Extract all data as written.

• • • •

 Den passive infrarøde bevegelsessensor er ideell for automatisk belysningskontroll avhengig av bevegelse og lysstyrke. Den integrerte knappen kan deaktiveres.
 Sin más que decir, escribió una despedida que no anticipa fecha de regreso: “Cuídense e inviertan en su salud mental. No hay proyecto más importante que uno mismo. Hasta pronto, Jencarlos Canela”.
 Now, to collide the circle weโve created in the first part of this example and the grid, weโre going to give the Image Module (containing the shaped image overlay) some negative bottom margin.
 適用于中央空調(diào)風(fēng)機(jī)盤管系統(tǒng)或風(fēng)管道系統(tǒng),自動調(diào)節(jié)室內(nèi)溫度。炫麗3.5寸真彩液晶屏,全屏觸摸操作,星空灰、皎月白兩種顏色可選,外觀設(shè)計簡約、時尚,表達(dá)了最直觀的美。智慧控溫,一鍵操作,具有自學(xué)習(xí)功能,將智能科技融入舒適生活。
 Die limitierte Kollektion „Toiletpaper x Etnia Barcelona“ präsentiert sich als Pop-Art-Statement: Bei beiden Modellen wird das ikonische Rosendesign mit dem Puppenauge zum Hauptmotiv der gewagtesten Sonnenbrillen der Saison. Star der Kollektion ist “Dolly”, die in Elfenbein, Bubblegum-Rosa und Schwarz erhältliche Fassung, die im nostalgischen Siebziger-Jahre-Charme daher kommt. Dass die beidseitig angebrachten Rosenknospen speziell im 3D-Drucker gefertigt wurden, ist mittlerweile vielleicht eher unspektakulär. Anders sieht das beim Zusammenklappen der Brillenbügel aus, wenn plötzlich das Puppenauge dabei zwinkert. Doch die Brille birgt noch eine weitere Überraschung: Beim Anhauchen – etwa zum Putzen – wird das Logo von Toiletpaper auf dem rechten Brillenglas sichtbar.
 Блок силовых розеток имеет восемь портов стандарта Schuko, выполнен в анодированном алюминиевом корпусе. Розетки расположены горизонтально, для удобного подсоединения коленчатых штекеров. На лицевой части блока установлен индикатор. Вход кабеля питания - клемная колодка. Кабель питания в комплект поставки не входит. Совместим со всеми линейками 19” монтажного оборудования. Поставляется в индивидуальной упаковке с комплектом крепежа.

• • • •

▶ _Answer section_
 Den passive infrarøde bevegelsessensor er ideell for automatisk belysningskontroll avhengig av bevegelse og lysstyrke. Den integrerte knappen kan deaktiveres.
 Sin más que decir, escribió una despedida que no anticipa fecha de regreso: “Cuídense e inviertan en su salud mental. No hay proyecto más importante que uno mismo. Hasta pronto, Jencarlos Canela”.
 Now, to collide the circle weโve created in the first part of this example and the grid, weโre going to give the Image Module (containing the shaped image overlay) some negative bottom margin.
 適用于中央空調(diào)風(fēng)機(jī)盤管系統(tǒng)或風(fēng)管道系統(tǒng),自動調(diào)節(jié)室內(nèi)溫度。炫麗3.5寸真彩液晶屏,全屏觸摸操作,星空灰、皎月白兩種顏色可選,外觀設(shè)計簡約、時尚,表達(dá)了最直觀的美。智慧控溫,一鍵操作,具有自學(xué)習(xí)功能,將智能科技融入舒適生活。
 Die limitierte Kollektion „Toiletpaper x Etnia Barcelona“ präsentiert sich als Pop-Art-Statement: Bei beiden Modellen wird das ikonische Rosendesign mit dem Puppenauge zum Hauptmotiv der gewagtesten Sonnenbrillen der Saison. Star der Kollektion ist “Dolly”, die in Elfenbein, Bubblegum-Rosa und Schwarz erhältliche Fassung, die im nostalgischen Siebziger-Jahre-Charme daher kommt. Dass die beidseitig angebrachten Rosenknospen speziell im 3D-Drucker gefertigt wurden, ist mittlerweile vielleicht eher unspektakulär. Anders sieht das beim Zusammenklappen der Brillenbügel aus, wenn plötzlich das Puppenauge dabei zwinkert. Doch die Brille birgt noch eine weitere Überraschung: Beim Anhauchen – etwa zum Putzen – wird das Logo von Toiletpaper auf dem rechten Brillenglas sichtbar.
 Блок силовых розеток имеет восемь портов стандарта Schuko, выполнен в анодированном алюминиевом корпусе. Розетки расположены горизонтально, для удобного подсоединения коленчатых штекеров. На лицевой части блока установлен индикатор. Вход кабеля питания - клемная колодка. Кабель питания в комплект поставки не входит. Совместим со всеми линейками 19” монтажного оборудования. Поставляется в индивидуальной упаковке с комплектом крепежа.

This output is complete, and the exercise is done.